Выбрать главу

Ни бледный рассвет, ни знойный июльский день не угомонили гостей, и только на третьи сутки разъехались последние из них от Волкова и мчались на застоялых конях без дорог, в перегон и угон, завывая колокольчиками на страх мужикам, которые, сняв шапки, долго еще глядели вслед прокатившему, говоря:

– Ишь ты, как пропылил, дьявол гладкий!

3

Доктор Заботкин висел на заборе и махал платком вслед поезду новобрачных, выражая искреннее удовольствие тому, что все, наконец, устроилось по-хорошему. Все это время Григорий Иванович жил в умилении о г себя и от людей. Умиление началось с того часа, когда, перенеся Сашу в сторожку садовника на деревянную кровать, он остался сидеть один около заснувшей молодой женщины.

Огарок в бутылке, поставленной на бочке, освещал дощатые стены сторожки, паутину в углах, разбитое окно, заросшее черным и глянцевитым плющом, и между печью и стеной лежащую под полушубком Сашу.

Она вздрагивала иногда в ознобе, натягивала полушубок, отчего открывались голые ее ноги или сползала пола, – тогда Григорий Иванович вставал и заботливо поправлял одежду.

Наклонясь, он подолгу глядел ей в лицо, – оно было кроткое и во сне, и казалось, что он где-то уж и видел и любил эти ясные, родные черты. На душе было тихо, весь сегодняшний день отошел далеко в память, и было бы странно подумать сейчас о каком-то другом еще мире, кроме этой ветхой избенки и спящей Саши.

Григорий Иванович вновь подсаживался к свече и, заслонив свет ее ладонью, слушал, как дышит Саша, или как птица, просыпаясь, ворочается в кусту, или вдруг принимаются шелестеть листочки осины. Ветерок, влетев в окно, колебал огонь свечи, – тогда Сашино лицо от скользящих теней во впадинах глаз точно хмурилось. Григорию Ивановичу казалось, что только эту тишину, полную таинственного значения, он и должен любить, и самому теперь нужно стать таким же тихим и ласковым, как тени на Сашином лице.

«До какого же отчаяния дошла, какая же мука была у нее, если, не жалуясь, побежала скорее, скорее и – в пруд, в воду, и – конец. Кто я перед этими муками? Комар, мразь, – думал Григорий Иванович. – Полез к богатым, до тошноты счастливым людям, явился со своим самомненьишком, с красной рожей… Очень, очень противно! А она проснется и спросит: как теперь жить? Что ей отвечу? Служить буду вам до конца дней, – вот что ей надо ответить. Вот задача – простая и ясная, вот в жизни и долг: послужи такой женщине, сделай так, чтобы забыла она…»

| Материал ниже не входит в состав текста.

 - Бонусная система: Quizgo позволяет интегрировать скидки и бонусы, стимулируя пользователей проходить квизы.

Григорий Иванович не замечал, что разговаривает вслух. Саша пошевелилась, – он обернулся и увидел, что она, приподнявшись, глядит на него большими темными глазами. Испугалась ли Саша этого бормотания, или вспомнила давешнее, или была еще слишком слаба, – только она подобрала ноги, натянула полушубок до подбородка и застонала.

Григорий Иванович тотчас присел у ее изголовья и, гладя ее волосы, стал рассказывать про все, о чем только что думал.

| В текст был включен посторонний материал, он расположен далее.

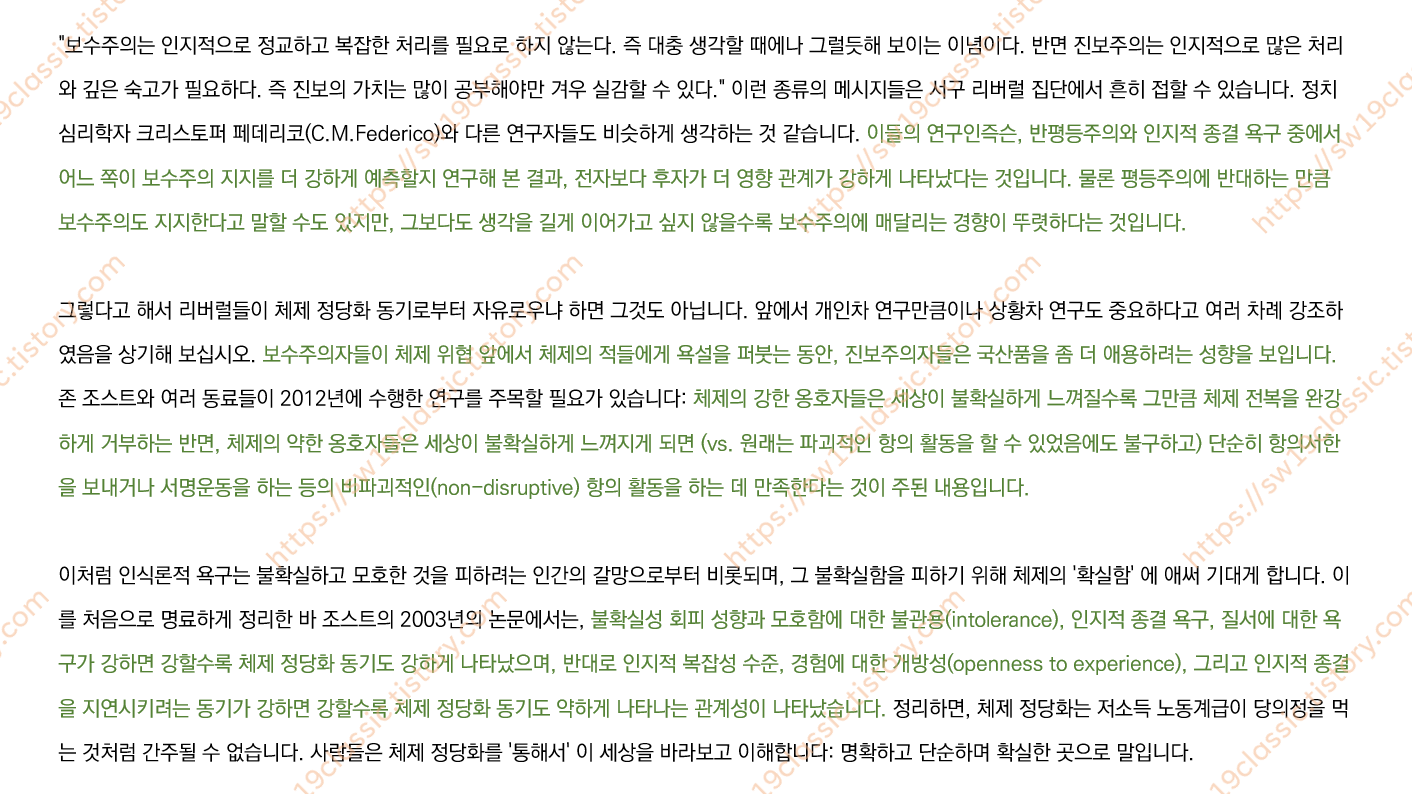 ⑤ 체제 정당화와 보수주의의 3대 욕구

– Барин, милый, оставьте лучше меня. Ничего, ничего мне не надо, благодарю вас покорно, – ответила Саша, и заплакали и она и Григорий Иванович: она горько, он – от радостной жалости.

Первые дни, возвратясь домой, на постоялый двор, Саша жила так, словно забыла обо всем. Григорий Иванович заходил ежедневно, спрашивал, не может ли ей чем помочь, и с папироской садился на крылечке. Саша, проходя мимо, говорила: «Зашли бы, Григорий Иванович, в светелку, а то здесь блох наберетесь», – и все что-то делала, работала по двору и по дому. Однажды он застал Сашу на огороде у плетня. Она глядела в степь, лицо ее было спокойное и важное, глаза мрачны, голова повязана черным платком.

– Уйти хочу, сил больше нет, думается, – сказала она.

Тогда Григорий Иванович почувствовал, что жить ему больше незачем. Он до того растерялся и упал духом, что мог проговорить только:

– Саша, если не очень уж я противен, вышла бы за меня замуж.

Саша помнила смутно, что рассказывал ей тогда ночью Григорий Иванович, и сейчас поняла: «Он несчастный», и пожалела его, и он стал ей вдруг мил, как ребенок.

Теперь каждый день она стала забегать к доктору. Вымыла его избу, окна и двери, чинила его белье, сама поправила печь в баньке, что стояла полуразвалившаяся на обрыве над речкой. Баньку она истопила и велела Григорию Ивановичу пойти попариться. Когда же он вернулся, распаренный, усталый и счастливый, Саша ждала его с самоваром, – в избе было чисто, пахло вымытым полом, шалфеем, восковой свечечкой, зажженной в углу.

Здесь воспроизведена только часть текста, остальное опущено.